2014, La Documentation française   ―Collection : " Histoire et Mémoire " n° 3  328 pages, 19 €

ISBN : 978-2-11-009547-3  Réf. : 9782110095473

 

En 2009 a été fondé l'ICRAC (International Committee for robot arms control) qui se donne pour mission de lutter contre le danger que représentent les robots militaires pour la paix et la sécurité internationale des civils en temps de guerre.

Human Rights Watch, membre fondateur (en avril 2013) et coordinateur de la “Campagne pour interdire les robots tueurs”, coalition internationale de 51 organisations non gouvernementales, a été soutenu le 12 mai 2014, par l’Appel de 20 lauréats du prix Nobel à une interdiction préventive de l’élaboration, de la production et de l’utilisation des armes entièrement autonomes. [34]

 

Nous ne sommes donc pas les seuls inquiets de cette nouvelle épée de Damoclès que l’industrie réclame indirectement.

Même le Saint-Siège, représenté par Mgr Tomasi, a rappelé sa mise en garde contre les drones de combat dans ce nouveau contexte d’autonomie technologique possible :

« Les machines « ne peuvent pas remplacer l’homme dans les décisions de vie et de mort » et a exprimé les « profondes préoccupations » du Saint-Siège sur « l’utilisation de drones qui peuvent aller au-delà des capacités de surveillance ou de renseignement en visant effectivement des cibles humaines » durant la guerre.

« Alors que dans de nombreux domaines, la technologie autonome peut s’avérer bénéfique pour l’humanité, la question de l’autonomie des armes est tout à fait distincte » : elle met une machine « en position de décider de la vie et de la mort », a-t-il souligné.

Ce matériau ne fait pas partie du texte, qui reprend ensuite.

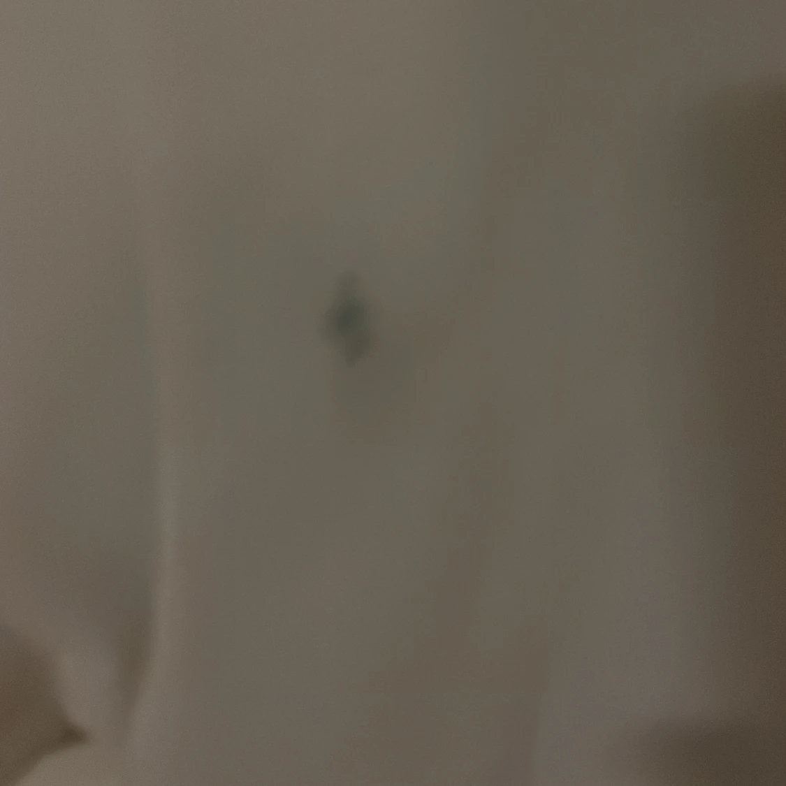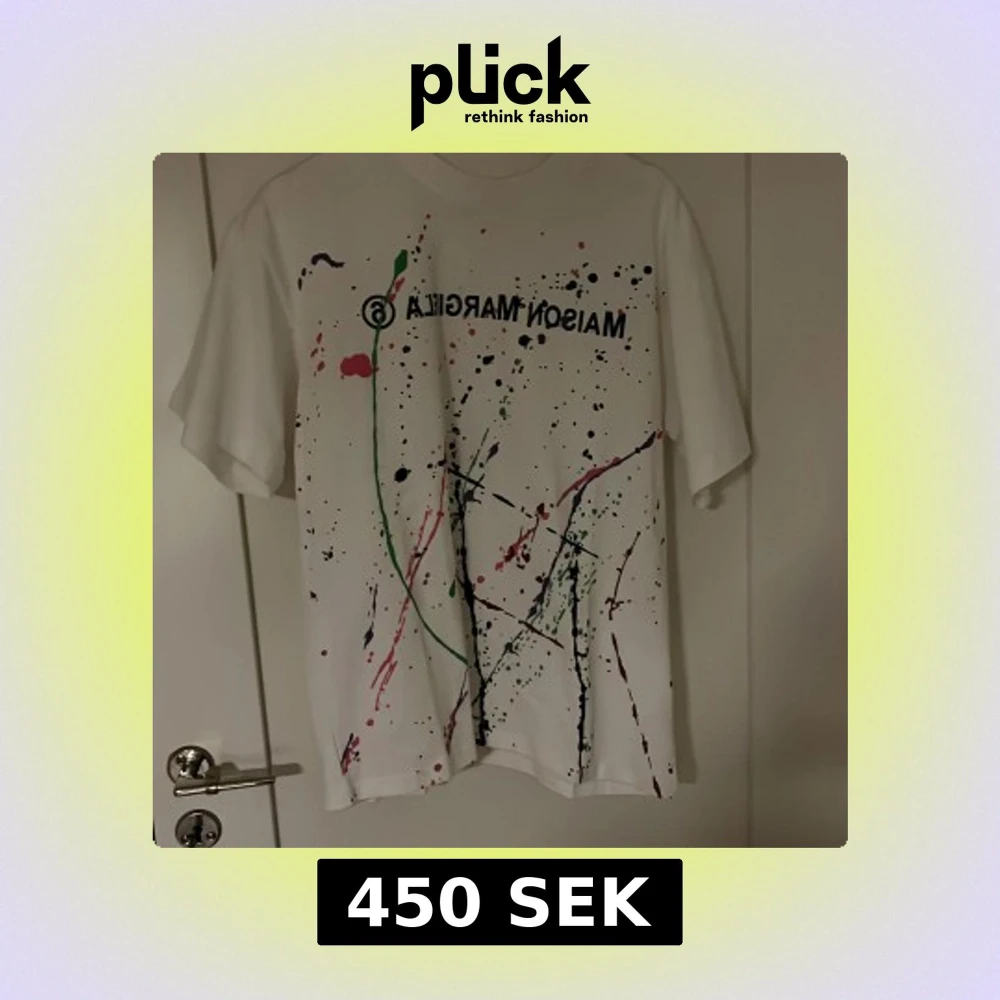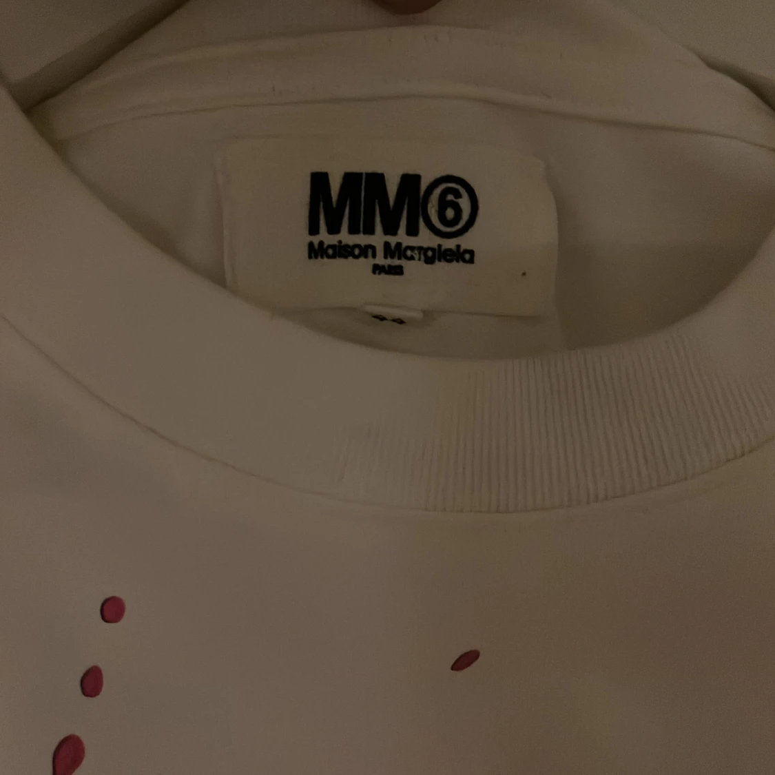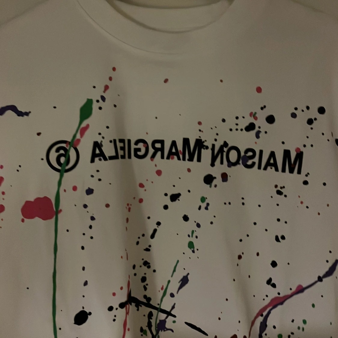 Snygg vit t-shirt från Maison Margiela med färgstänk i grönt, rött och svart. Den har en avslappnad passform och korta ärmar. Perfekt för en trendig och avslappnad look.Den har en liten fläck på bak vänster axel. Den är från 🐼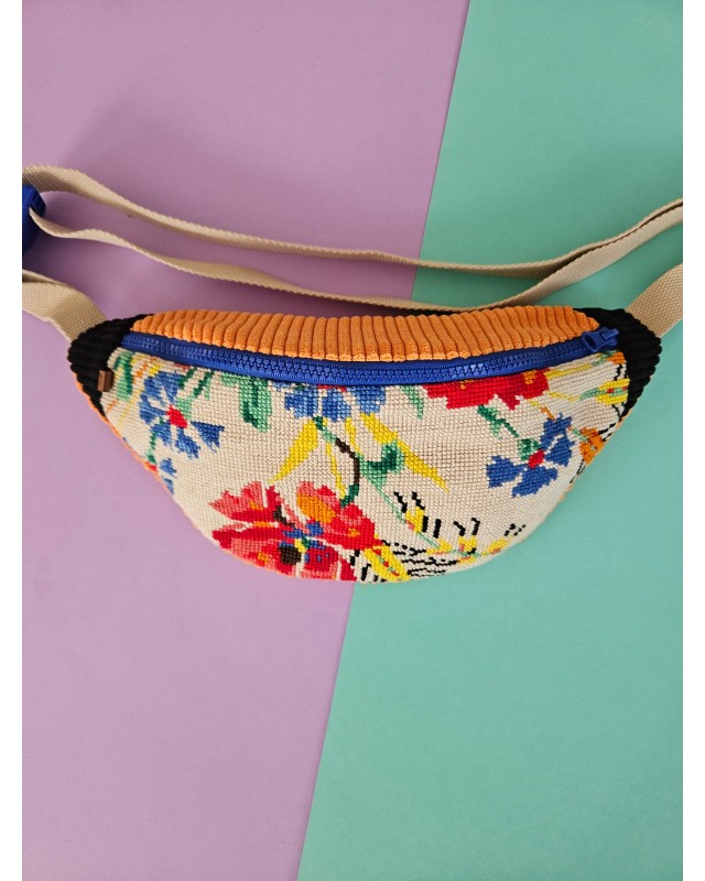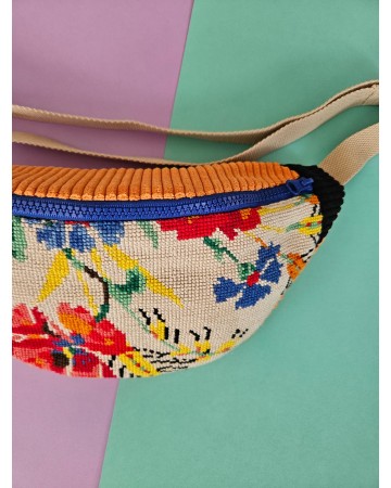SAC BANANE en canevas ancien recyclé - Modèle UNIQUE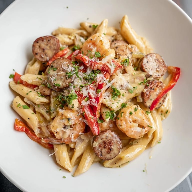 Save A creamy, spicy one-pan pasta featuring smoky sausage, succulent shrimp, and a rich Cajun Alfredo sauce—perfect for weeknight comfort.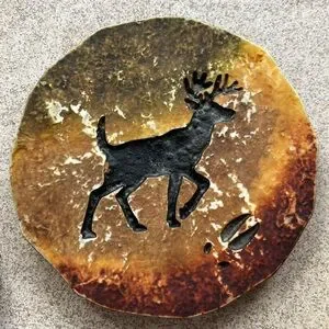 Set of two rustic coasters featuring a wildlife design. Earthy tones with a unique finish. Nice touch for a cabin or cottage. Poured resin composition from Big Sky Montana.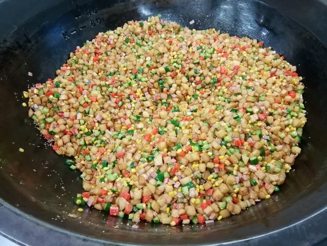 副菜の中華風ポテトサラダは、角切りにしたにんじんときゅうり、コーン、ハム、揚げたじゃがいもを合わせています。彩りがとてもきれいに出来上がりました。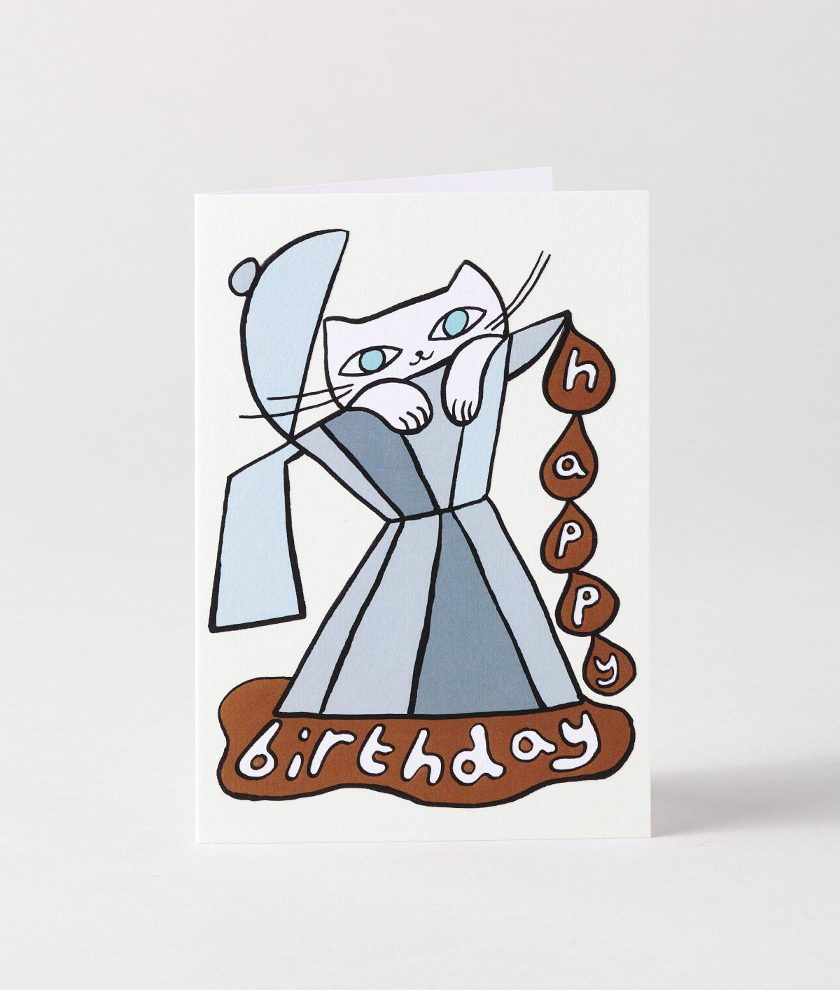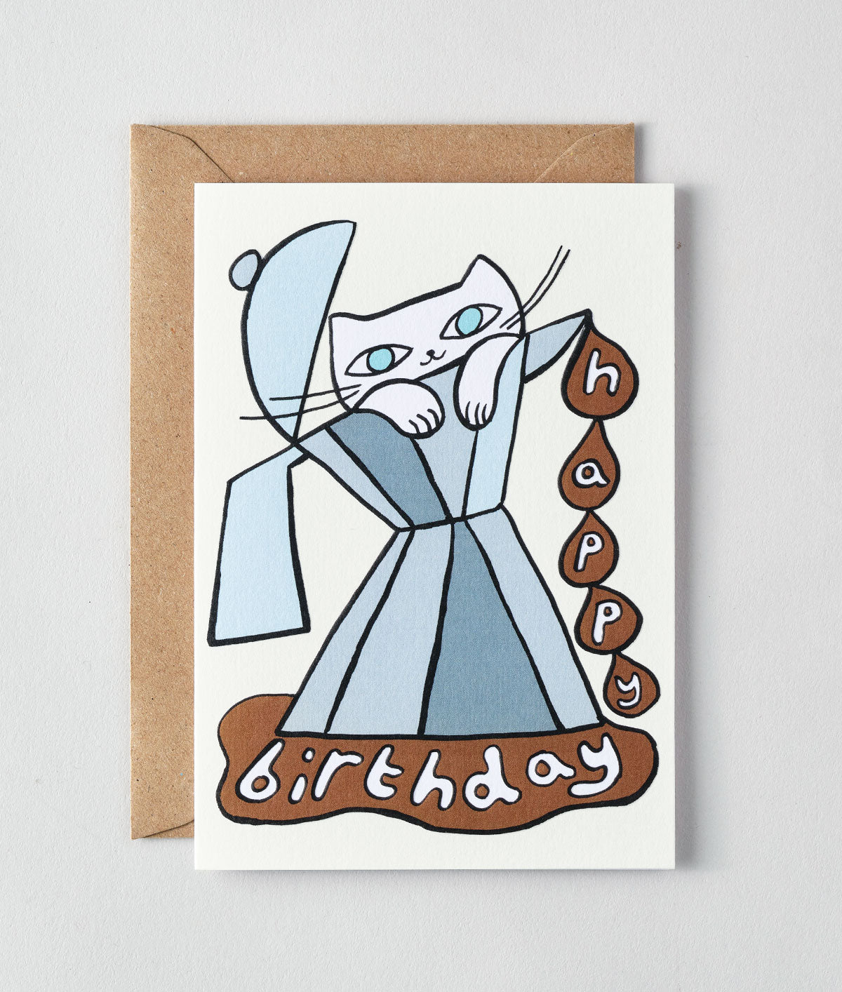 With just a few strokes of a loose inky brush, Bristol-based illustrator Molly Fairhurst brings to life a fantastical and kind world – full of oddities, music and fun, but one not so different from our own. In her first collection for Wrap you'll find cats popping out of coffee pots, geese passing their driving tests and a field of sweet tulips smiling into the sun.

« L’intervention humaine significative est absolument essentielle dans les décisions affectant la vie et la mort d’êtres humains », a-t-il affirmé : en effet, « les systèmes d’armes autonomes ne pourront jamais remplacer la capacité humaine de raisonnement moral ». [35]

Il semble que le Vatican ait même cherché à anticiper les modifications possibles du droit international en affichant ce cadrage législatif, au-delà de ce que les “roboéthiciens” tels Arkin souhaitent faire accepter :

« Les machines, même « bien programmées avec des algorithmes sophistiqués pour prendre des décisions sur le champ de bataille dans le respect du Droit international humanitaire (D.I.H.), ne peuvent pas remplacer l’homme dans les décisions de vie et de mort ».

Cette technologie « rend la guerre trop facile » en éliminant sa dépendance aux soldats.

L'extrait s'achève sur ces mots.